### WORK TO COMPLETE
Reproduce every line of the data, exactly and without its pictures.

### RECORDS SHOWN
=== Begin Enclosure ===
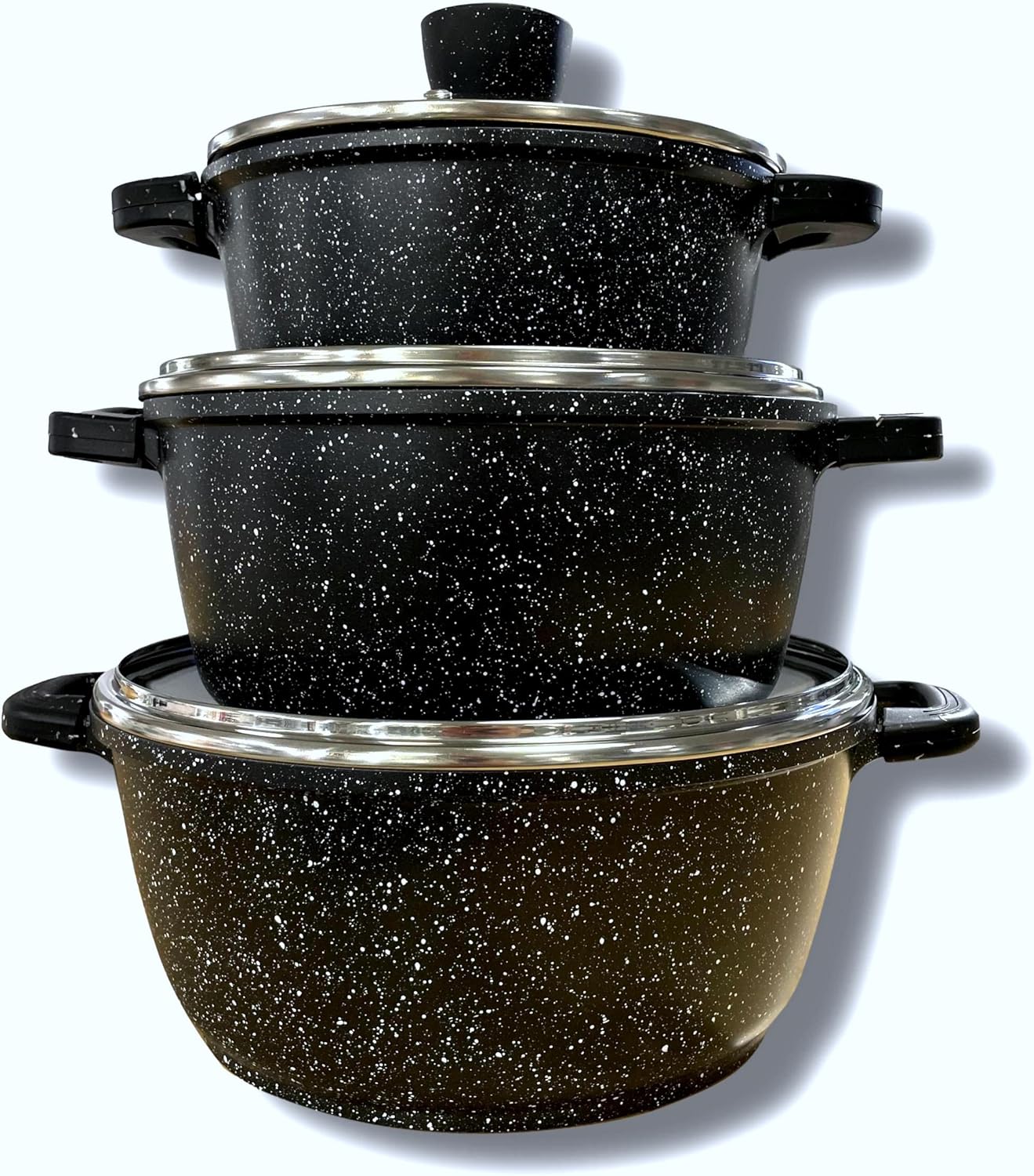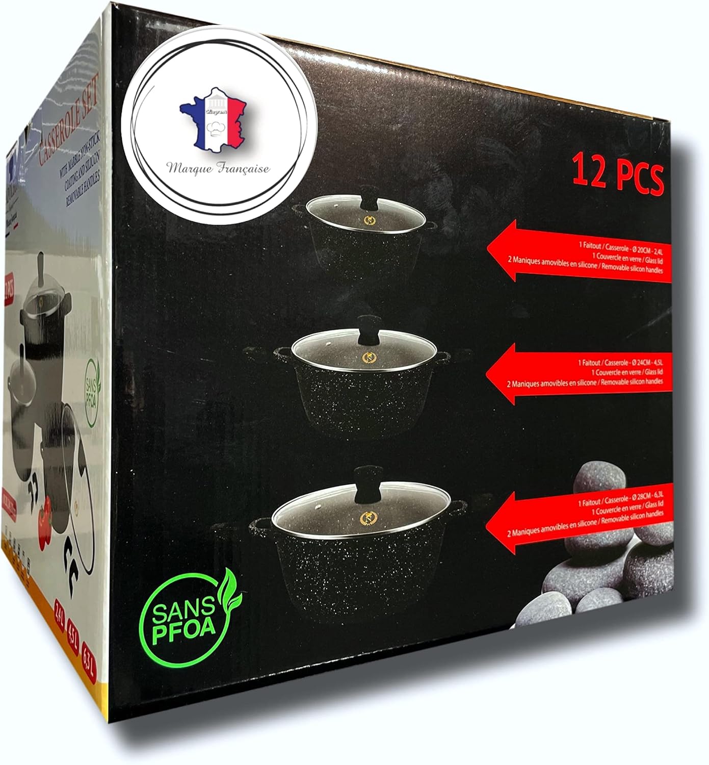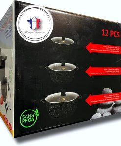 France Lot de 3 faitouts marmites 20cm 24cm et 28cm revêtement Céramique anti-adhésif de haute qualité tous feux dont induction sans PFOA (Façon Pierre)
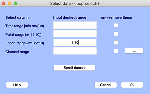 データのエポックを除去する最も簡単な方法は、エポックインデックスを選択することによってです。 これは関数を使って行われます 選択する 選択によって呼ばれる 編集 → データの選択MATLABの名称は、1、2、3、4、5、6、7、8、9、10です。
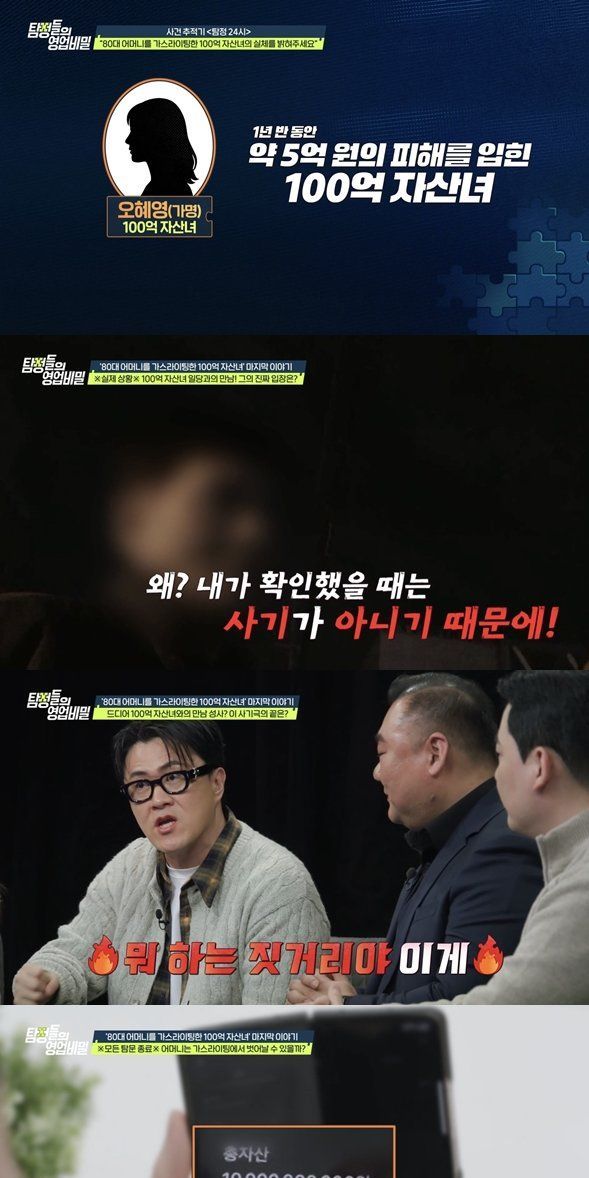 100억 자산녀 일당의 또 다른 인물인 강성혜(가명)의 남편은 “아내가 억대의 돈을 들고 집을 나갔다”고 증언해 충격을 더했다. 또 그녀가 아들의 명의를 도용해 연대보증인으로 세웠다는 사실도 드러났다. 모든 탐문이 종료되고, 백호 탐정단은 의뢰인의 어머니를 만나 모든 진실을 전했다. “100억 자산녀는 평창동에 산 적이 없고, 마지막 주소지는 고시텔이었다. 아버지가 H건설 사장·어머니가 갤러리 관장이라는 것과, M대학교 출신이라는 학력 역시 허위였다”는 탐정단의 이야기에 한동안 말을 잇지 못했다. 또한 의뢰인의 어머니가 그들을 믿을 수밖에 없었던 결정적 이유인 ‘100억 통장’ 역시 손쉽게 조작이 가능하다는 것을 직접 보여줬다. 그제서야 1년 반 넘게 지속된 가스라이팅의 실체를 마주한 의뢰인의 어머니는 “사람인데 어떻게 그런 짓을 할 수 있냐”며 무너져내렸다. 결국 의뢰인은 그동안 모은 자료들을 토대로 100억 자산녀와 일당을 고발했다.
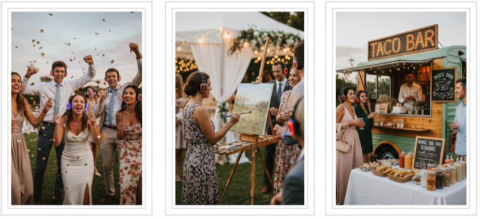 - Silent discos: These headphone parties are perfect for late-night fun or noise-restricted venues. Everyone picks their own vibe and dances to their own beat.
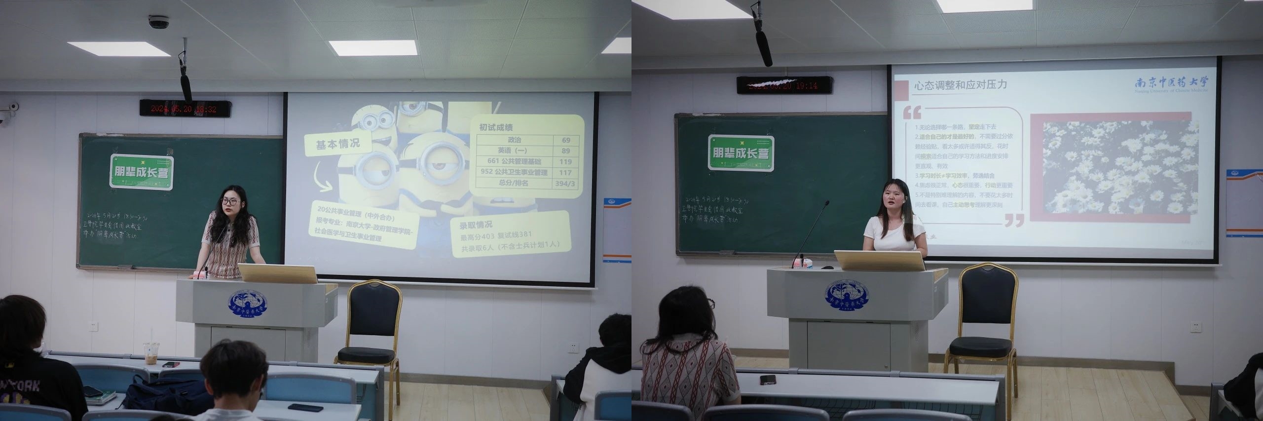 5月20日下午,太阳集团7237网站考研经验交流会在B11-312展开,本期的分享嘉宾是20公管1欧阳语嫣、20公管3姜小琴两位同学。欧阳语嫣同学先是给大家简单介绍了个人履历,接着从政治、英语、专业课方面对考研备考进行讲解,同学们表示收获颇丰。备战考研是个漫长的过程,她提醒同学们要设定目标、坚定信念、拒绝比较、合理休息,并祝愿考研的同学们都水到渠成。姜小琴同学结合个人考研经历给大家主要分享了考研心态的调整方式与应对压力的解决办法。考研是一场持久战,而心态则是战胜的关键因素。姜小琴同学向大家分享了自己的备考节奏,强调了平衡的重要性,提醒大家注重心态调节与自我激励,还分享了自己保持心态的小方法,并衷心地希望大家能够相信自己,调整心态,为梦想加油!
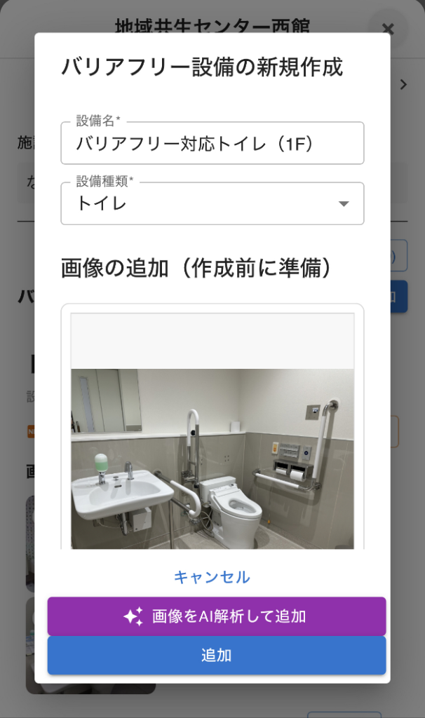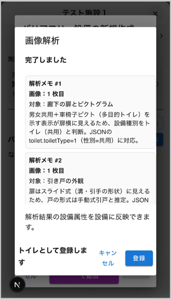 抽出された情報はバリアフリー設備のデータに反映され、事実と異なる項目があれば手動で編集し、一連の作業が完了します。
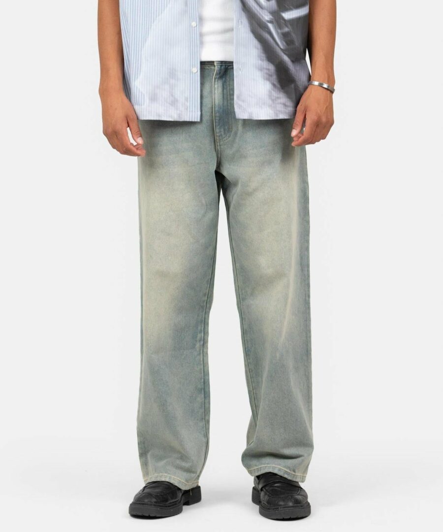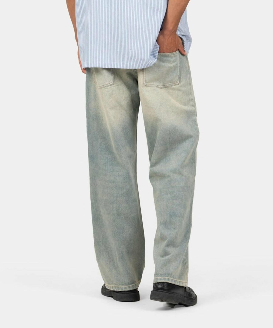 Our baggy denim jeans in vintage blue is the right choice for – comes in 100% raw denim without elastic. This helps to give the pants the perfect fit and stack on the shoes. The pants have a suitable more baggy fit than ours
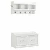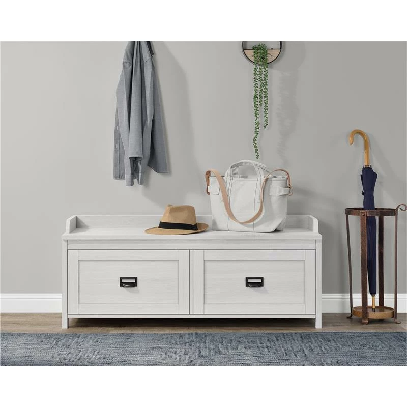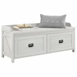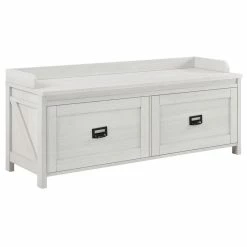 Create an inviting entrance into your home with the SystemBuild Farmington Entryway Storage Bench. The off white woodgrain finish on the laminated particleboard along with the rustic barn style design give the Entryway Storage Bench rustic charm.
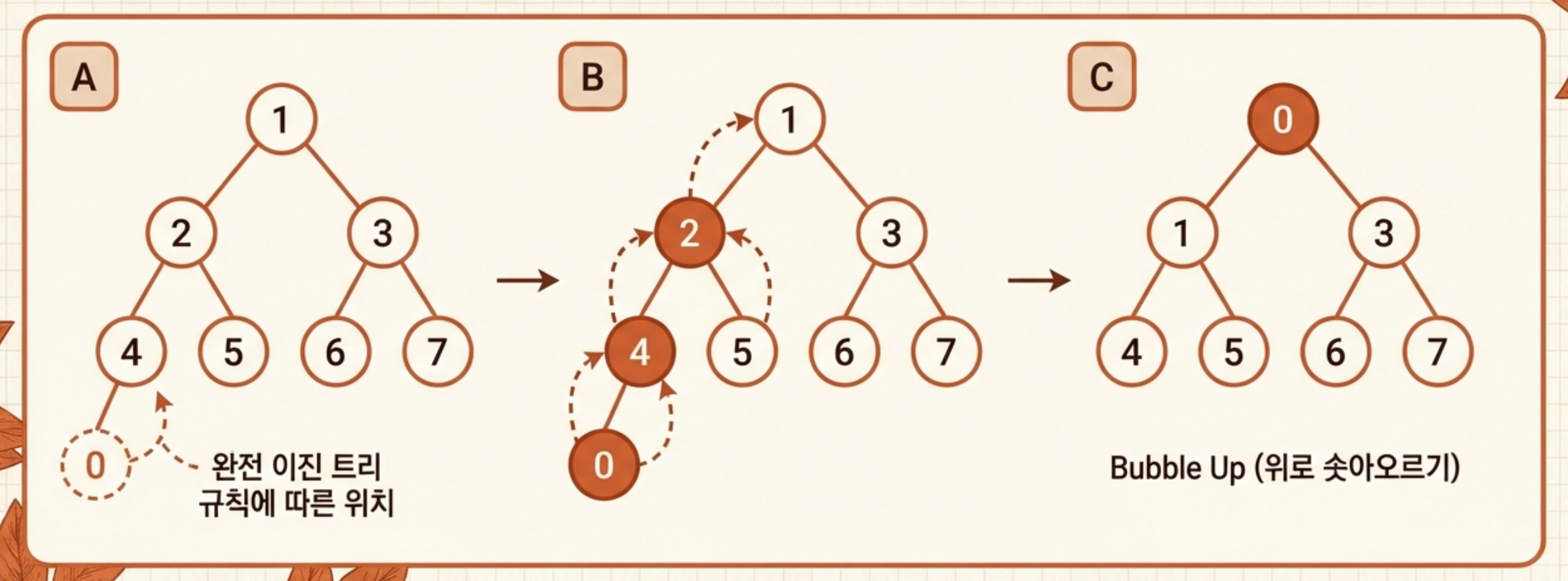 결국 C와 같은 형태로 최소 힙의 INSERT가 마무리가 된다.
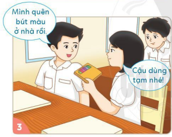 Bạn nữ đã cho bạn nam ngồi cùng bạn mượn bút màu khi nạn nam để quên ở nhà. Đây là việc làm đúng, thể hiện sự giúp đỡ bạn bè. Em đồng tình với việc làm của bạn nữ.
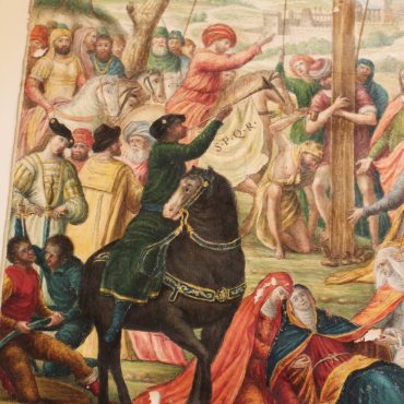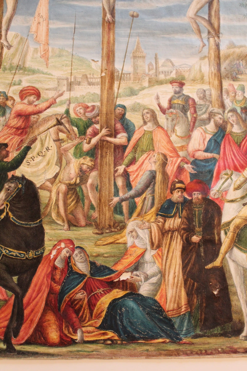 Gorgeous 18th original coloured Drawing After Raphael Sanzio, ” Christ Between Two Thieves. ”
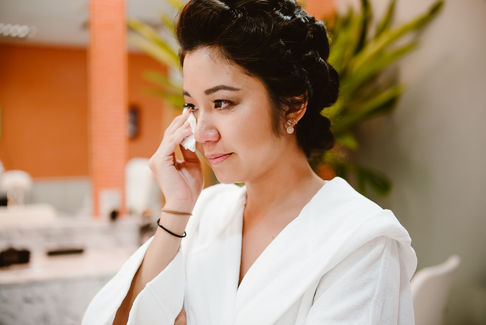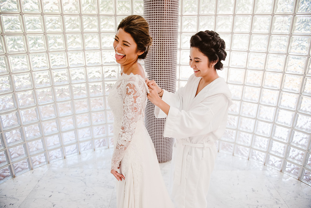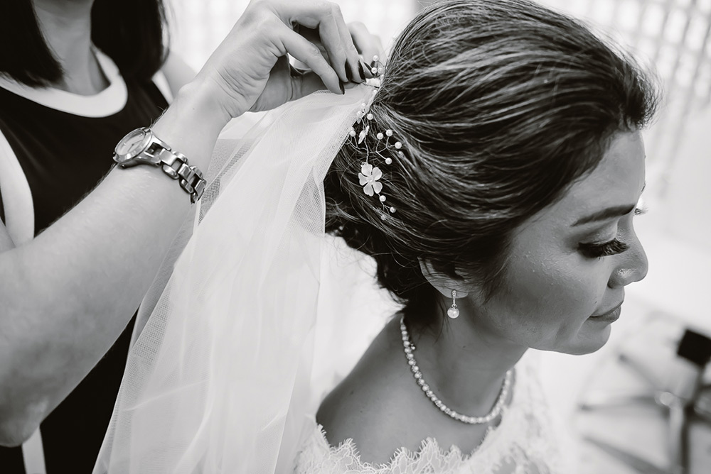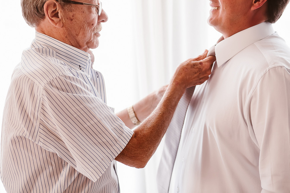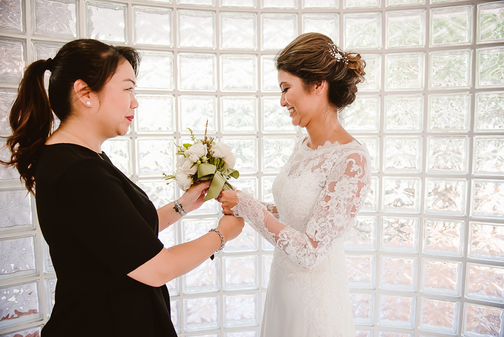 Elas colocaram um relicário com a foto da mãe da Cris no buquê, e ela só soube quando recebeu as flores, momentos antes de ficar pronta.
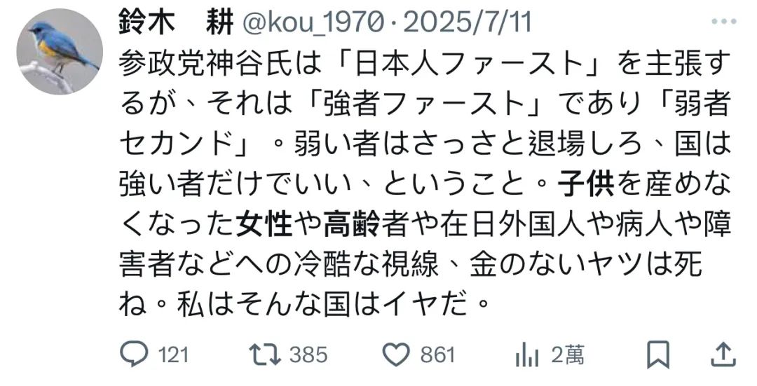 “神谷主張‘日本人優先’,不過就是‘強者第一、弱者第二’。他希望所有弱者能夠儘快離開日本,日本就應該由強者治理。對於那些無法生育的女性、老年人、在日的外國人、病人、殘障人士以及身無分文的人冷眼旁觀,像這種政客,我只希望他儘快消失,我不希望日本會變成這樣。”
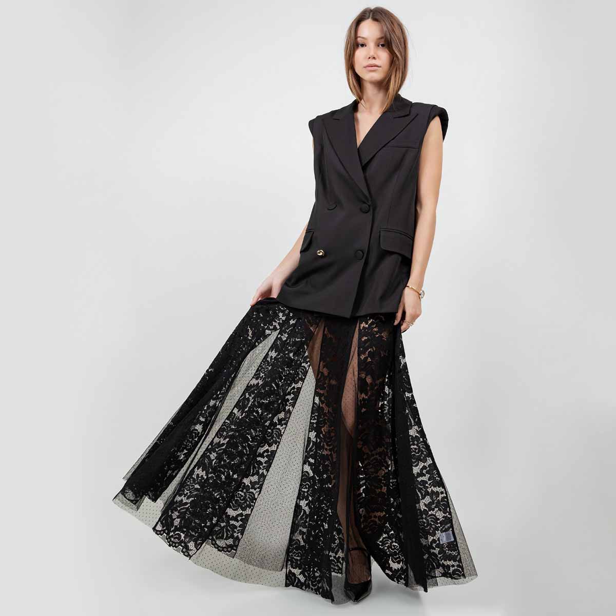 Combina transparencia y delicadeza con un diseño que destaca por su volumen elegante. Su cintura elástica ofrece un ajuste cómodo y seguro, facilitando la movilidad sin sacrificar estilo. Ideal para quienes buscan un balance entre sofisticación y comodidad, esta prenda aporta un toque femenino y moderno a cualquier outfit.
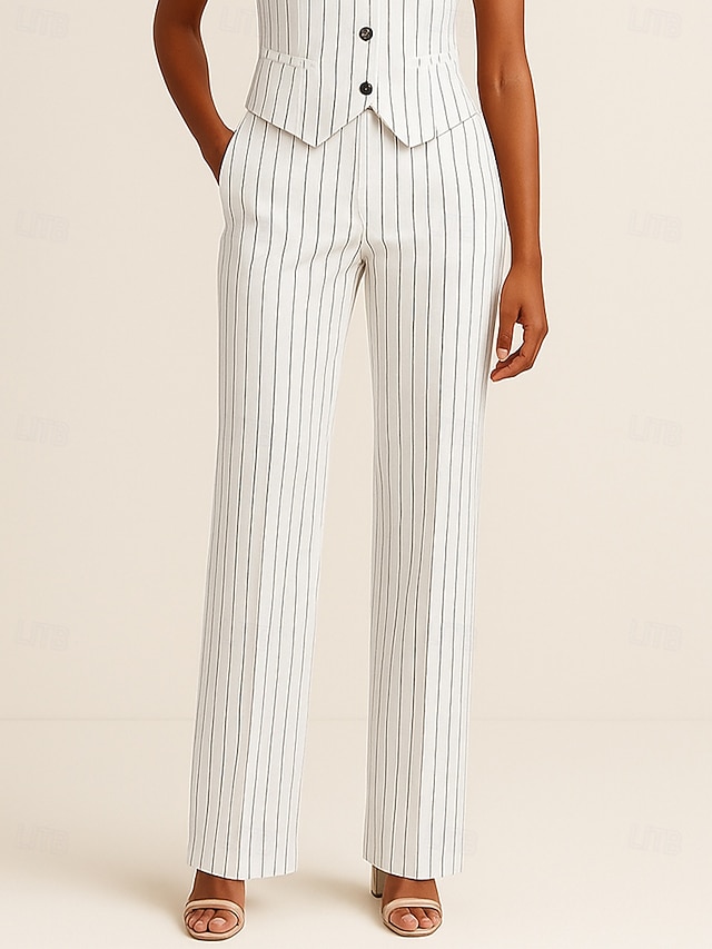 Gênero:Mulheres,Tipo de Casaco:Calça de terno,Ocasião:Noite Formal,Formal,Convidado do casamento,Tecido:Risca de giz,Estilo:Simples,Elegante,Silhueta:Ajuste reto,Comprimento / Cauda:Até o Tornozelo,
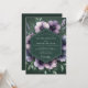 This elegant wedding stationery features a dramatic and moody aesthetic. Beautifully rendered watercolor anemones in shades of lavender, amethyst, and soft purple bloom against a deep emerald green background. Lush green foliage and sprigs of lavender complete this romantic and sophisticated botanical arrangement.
=== End Enclosure ===
### RESPONSE BOX
 France Lot de 3 faitouts marmites 20cm 24cm et 28cm revêtement Céramique anti-adhésif de haute qualité tous feux dont induction sans PFOA (Façon Pierre)
 データのエポックを除去する最も簡単な方法は、エポックインデックスを選択することによってです。 これは関数を使って行われます 選択する 選択によって呼ばれる 編集 → データの選択MATLABの名称は、1、2、3、4、5、6、7、8、9、10です。
 100억 자산녀 일당의 또 다른 인물인 강성혜(가명)의 남편은 “아내가 억대의 돈을 들고 집을 나갔다”고 증언해 충격을 더했다. 또 그녀가 아들의 명의를 도용해 연대보증인으로 세웠다는 사실도 드러났다. 모든 탐문이 종료되고, 백호 탐정단은 의뢰인의 어머니를 만나 모든 진실을 전했다. “100억 자산녀는 평창동에 산 적이 없고, 마지막 주소지는 고시텔이었다. 아버지가 H건설 사장·어머니가 갤러리 관장이라는 것과, M대학교 출신이라는 학력 역시 허위였다”는 탐정단의 이야기에 한동안 말을 잇지 못했다. 또한 의뢰인의 어머니가 그들을 믿을 수밖에 없었던 결정적 이유인 ‘100억 통장’ 역시 손쉽게 조작이 가능하다는 것을 직접 보여줬다. 그제서야 1년 반 넘게 지속된 가스라이팅의 실체를 마주한 의뢰인의 어머니는 “사람인데 어떻게 그런 짓을 할 수 있냐”며 무너져내렸다. 결국 의뢰인은 그동안 모은 자료들을 토대로 100억 자산녀와 일당을 고발했다.
 - Silent discos: These headphone parties are perfect for late-night fun or noise-restricted venues. Everyone picks their own vibe and dances to their own beat.
 5月20日下午,太阳集团7237网站考研经验交流会在B11-312展开,本期的分享嘉宾是20公管1欧阳语嫣、20公管3姜小琴两位同学。欧阳语嫣同学先是给大家简单介绍了个人履历,接着从政治、英语、专业课方面对考研备考进行讲解,同学们表示收获颇丰。备战考研是个漫长的过程,她提醒同学们要设定目标、坚定信念、拒绝比较、合理休息,并祝愿考研的同学们都水到渠成。姜小琴同学结合个人考研经历给大家主要分享了考研心态的调整方式与应对压力的解决办法。考研是一场持久战,而心态则是战胜的关键因素。姜小琴同学向大家分享了自己的备考节奏,强调了平衡的重要性,提醒大家注重心态调节与自我激励,还分享了自己保持心态的小方法,并衷心地希望大家能够相信自己,调整心态,为梦想加油!
 抽出された情報はバリアフリー設備のデータに反映され、事実と異なる項目があれば手動で編集し、一連の作業が完了します。
 Our baggy denim jeans in vintage blue is the right choice for – comes in 100% raw denim without elastic. This helps to give the pants the perfect fit and stack on the shoes. The pants have a suitable more baggy fit than ours
 Create an inviting entrance into your home with the SystemBuild Farmington Entryway Storage Bench. The off white woodgrain finish on the laminated particleboard along with the rustic barn style design give the Entryway Storage Bench rustic charm.
 결국 C와 같은 형태로 최소 힙의 INSERT가 마무리가 된다.
 Bạn nữ đã cho bạn nam ngồi cùng bạn mượn bút màu khi nạn nam để quên ở nhà. Đây là việc làm đúng, thể hiện sự giúp đỡ bạn bè. Em đồng tình với việc làm của bạn nữ.
 Gorgeous 18th original coloured Drawing After Raphael Sanzio, ” Christ Between Two Thieves. ”
 Elas colocaram um relicário com a foto da mãe da Cris no buquê, e ela só soube quando recebeu as flores, momentos antes de ficar pronta.
 “神谷主張‘日本人優先’,不過就是‘強者第一、弱者第二’。他希望所有弱者能夠儘快離開日本,日本就應該由強者治理。對於那些無法生育的女性、老年人、在日的外國人、病人、殘障人士以及身無分文的人冷眼旁觀,像這種政客,我只希望他儘快消失,我不希望日本會變成這樣。”
 Combina transparencia y delicadeza con un diseño que destaca por su volumen elegante. Su cintura elástica ofrece un ajuste cómodo y seguro, facilitando la movilidad sin sacrificar estilo. Ideal para quienes buscan un balance entre sofisticación y comodidad, esta prenda aporta un toque femenino y moderno a cualquier outfit.
 Gênero:Mulheres,Tipo de Casaco:Calça de terno,Ocasião:Noite Formal,Formal,Convidado do casamento,Tecido:Risca de giz,Estilo:Simples,Elegante,Silhueta:Ajuste reto,Comprimento / Cauda:Até o Tornozelo,
 This elegant wedding stationery features a dramatic and moody aesthetic. Beautifully rendered watercolor anemones in shades of lavender, amethyst, and soft purple bloom against a deep emerald green background. Lush green foliage and sprigs of lavender complete this romantic and sophisticated botanical arrangement.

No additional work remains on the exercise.